__DATA BELOW__:
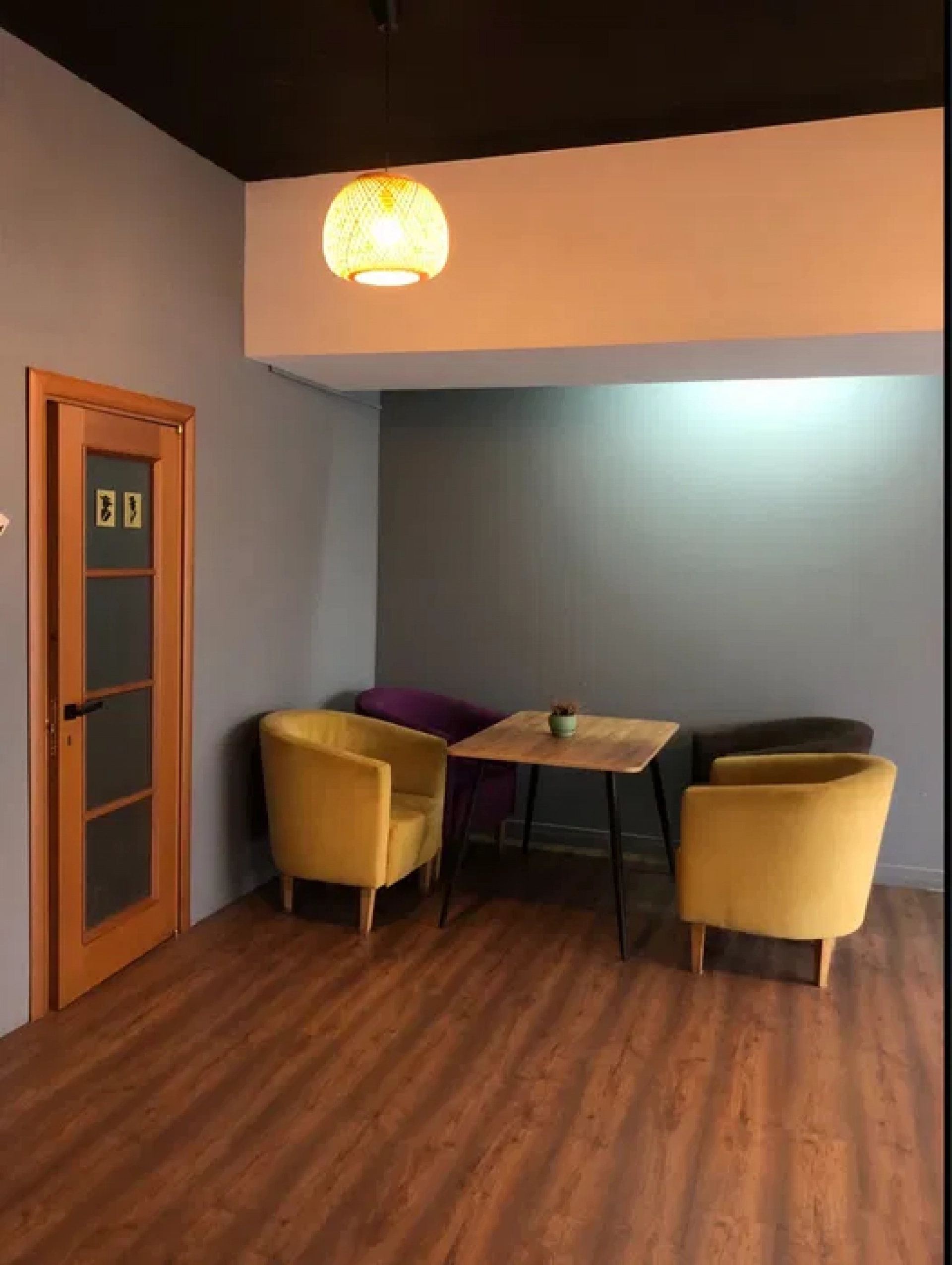 Приміщення знаходиться біля вежі, у самісінькому центрі Вінниці. Має дві кімнати, санвузол з душем, комору. З обладнання там масажний стіл, стілець, кокон для заколисування, обладнання для йоги, шафи, диван, столи тощо.
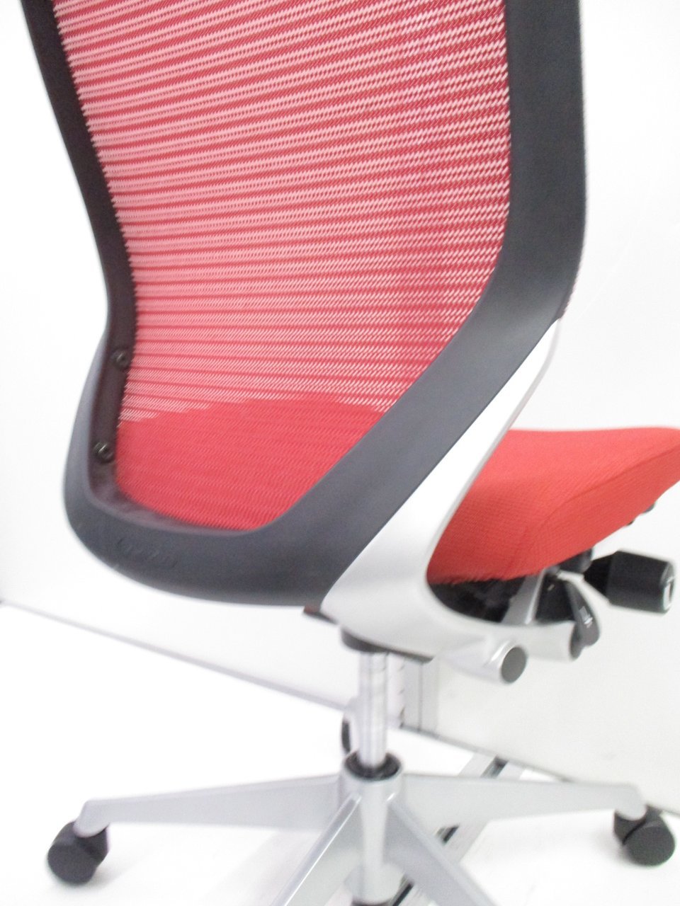 気に入っているのはリクライニング調整の自由さです。同じオカムラ社製の上位モデルや下位モデルも、角度が5段階程度の固定位置だったり、リクライニング強度も4段階だったりしますが、バロンチェアはどちらも無段階。つまり完全に好きな位置、好きな強度に調整することができます。
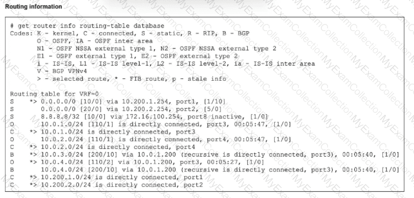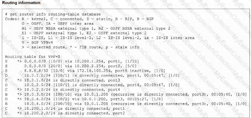 Refer to the exhibit, which shows a partial output from the get router info routing-table database command.

__WHAT IS EXPECTED__:
Set down the material above word for word and skip its pictures.

__TASK RESULT__:
 Приміщення знаходиться біля вежі, у самісінькому центрі Вінниці. Має дві кімнати, санвузол з душем, комору. З обладнання там масажний стіл, стілець, кокон для заколисування, обладнання для йоги, шафи, диван, столи тощо.
 気に入っているのはリクライニング調整の自由さです。同じオカムラ社製の上位モデルや下位モデルも、角度が5段階程度の固定位置だったり、リクライニング強度も4段階だったりしますが、バロンチェアはどちらも無段階。つまり完全に好きな位置、好きな強度に調整することができます。
 Refer to the exhibit, which shows a partial output from the get router info routing-table database command.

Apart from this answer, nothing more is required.